_PROBLEM TO WORK ON_
Down to the final line, write out the material beneath exactly, without pictures.

START DATASET EXCERPT

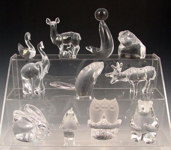 GLASS MENAGERIE SWEDISH CRYSTAL ANIMALS: 11 pieces to include 1) Mats Johansson beaver, 3 1/2'' high. 2) Unsigned elephant, 5 1/4'' high. 3) Orrefors rabbit with paper label, 3'' high. 4) Unsigned deer, note fleabites on base edge, 4 1/4'' high. 5) F. Wavling seal balancing ball, 5 1/4''. 6) Unsigned frosted owls on branch, 4'' high. 7) Granna glass swan with paper label, 3'' high. 8) Standing buck signed initials AT, 3 1/4'' high. 9) Penguin signed with initials, 3 3/8'' high. 10) Orrefors frog, signed, 3'' high. 11) Orrefors bear, signed 3 3/4'' high.
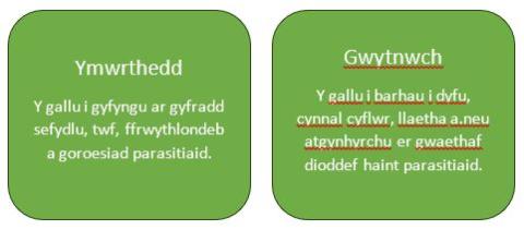 Mae anifeiliaid penodol yn dangos ymwrthedd neu wytnwch i heintiau. Felly, un pwynt ffocws yw bridio dethol i gynhyrchu defaid sy’n dangos ymwrthedd neu wytnwch. Caiff diffiniadau o ymwrthedd a gwytnwch eu hamlinellu isod, fel y’u disgrifir gan SCOPS.
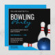 Die coole Babydusche mit Buttonen und Bowlingball mit moderner Typografie auf schwarzem Hintergrund lädt zum Verweilen ein. Fügen Sie einfach Ihre Veranstaltungsdetails zu dieser einfach zu bedienenden Vorlage hinzu, um sie zu einer einmaligen Einladung zu machen.
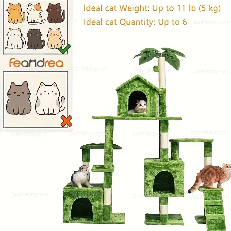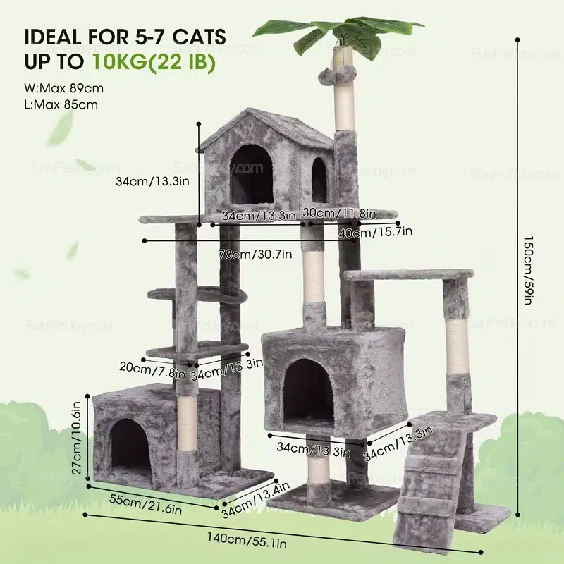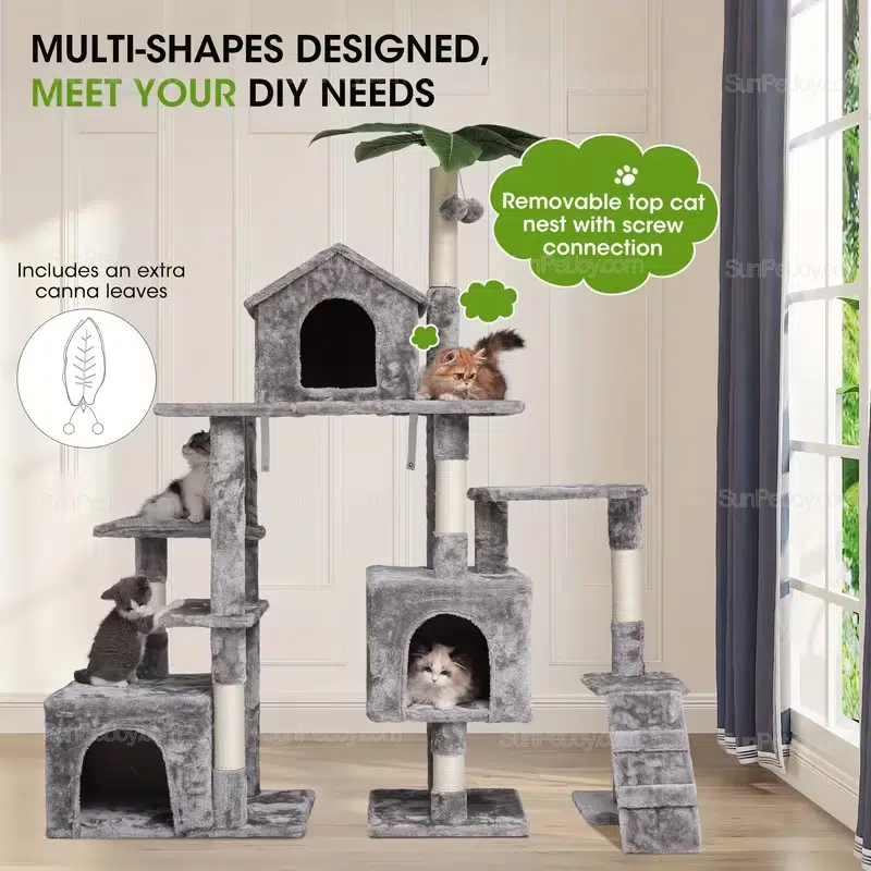 Elevate your pet product line with the SUNPETJOY 59″ Multi-Level Cat Tree Tower, a robust climbing haven designed for active felines. Crafted for durability and fun, this tower features sisal-wrapped scratching posts, cozy hideaways, and elevated perches that mimic natural exploration. Ideal for multi-cat environments, it supports up to 7 cats weighing 10kg each. As a B2B supplier, we offer full OEM customization—tailor sizes, colors (like classic gray or vibrant green), and configurations to fit your brand’s needs.

END DATASET EXCERPT

_WRITTEN SOLUTION_
 GLASS MENAGERIE SWEDISH CRYSTAL ANIMALS: 11 pieces to include 1) Mats Johansson beaver, 3 1/2'' high. 2) Unsigned elephant, 5 1/4'' high. 3) Orrefors rabbit with paper label, 3'' high. 4) Unsigned deer, note fleabites on base edge, 4 1/4'' high. 5) F. Wavling seal balancing ball, 5 1/4''. 6) Unsigned frosted owls on branch, 4'' high. 7) Granna glass swan with paper label, 3'' high. 8) Standing buck signed initials AT, 3 1/4'' high. 9) Penguin signed with initials, 3 3/8'' high. 10) Orrefors frog, signed, 3'' high. 11) Orrefors bear, signed 3 3/4'' high.
 Mae anifeiliaid penodol yn dangos ymwrthedd neu wytnwch i heintiau. Felly, un pwynt ffocws yw bridio dethol i gynhyrchu defaid sy’n dangos ymwrthedd neu wytnwch. Caiff diffiniadau o ymwrthedd a gwytnwch eu hamlinellu isod, fel y’u disgrifir gan SCOPS.
 Die coole Babydusche mit Buttonen und Bowlingball mit moderner Typografie auf schwarzem Hintergrund lädt zum Verweilen ein. Fügen Sie einfach Ihre Veranstaltungsdetails zu dieser einfach zu bedienenden Vorlage hinzu, um sie zu einer einmaligen Einladung zu machen.
 Elevate your pet product line with the SUNPETJOY 59″ Multi-Level Cat Tree Tower, a robust climbing haven designed for active felines. Crafted for durability and fun, this tower features sisal-wrapped scratching posts, cozy hideaways, and elevated perches that mimic natural exploration. Ideal for multi-cat environments, it supports up to 7 cats weighing 10kg each. As a B2B supplier, we offer full OEM customization—tailor sizes, colors (like classic gray or vibrant green), and configurations to fit your brand’s needs.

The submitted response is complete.